Ready to start your MD-15 license application? Get expert guidance and support from MedDev Experts. Contact us today to ensure a hassle-free process and accelerate your market entry!
Struggling with Medical Device Regulations in India?
Get Fast Approvals & Expert Guidance from MedDev Experts (Reduce time by 30%).
Complete List of Documents for MD 15 License:
1. Power of Attorney (POA):
All medical devices, including In-Vitro Diagnostics (IVDs), fall into one of four risk-based categories in India:
- Authorizes your Indian representative to act on your behalf.
- Must be authenticated from the Indian Embassy.
2. Manufacturing License:
- Self-attested copy of your valid manufacturing license
- Duly apostilled/notarized copies from the device’s country of origin.
4. Inspection/Audit Report:
- Copy of the latest audit report (within 3 years) from a Notified Body or National Regulatory Authority
- Notarized copy of ISO 13485 Certificate.
6. Quality Assurance Certificates
- Notarized copies of CE type examination, CE product quality assurance, or Full Quality Assurance Certificate.

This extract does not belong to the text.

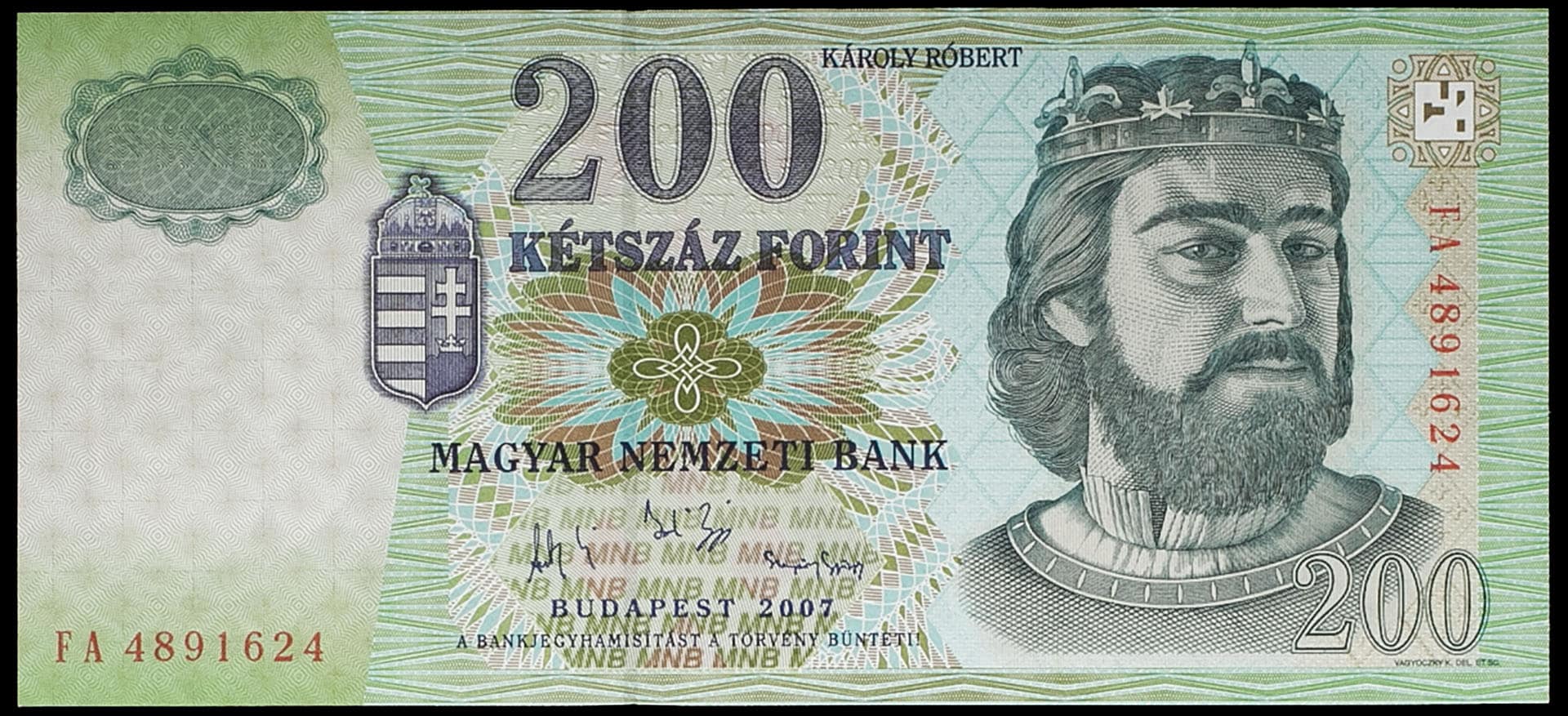 - HUNGARY 200 forint avec le portrait de Charles Ier (Károly Róbert) 2007.

7. CE Design Certificate::
- Notarized copy of CE Design Certificate
- Notarized copy Declaration of Conformity
11. Overseas Manufacturing Site Registration:
- Notarized copy from the competent authority in the country of origin.
12. Authorized Agent Details:
- Constitution details of your domestic authorized agent.
- MD 42 License Copy
Speed Up Your Medical Device Import to India with MedDev Experts!
Tired of complex import regulations delaying your market entry? We’re India’s leading consultants, trusted by 200+ companies. Our experts handle everything: classification, document prep, CDSCO fees & more. Reduce approval time by 20% and get compliant with confidence.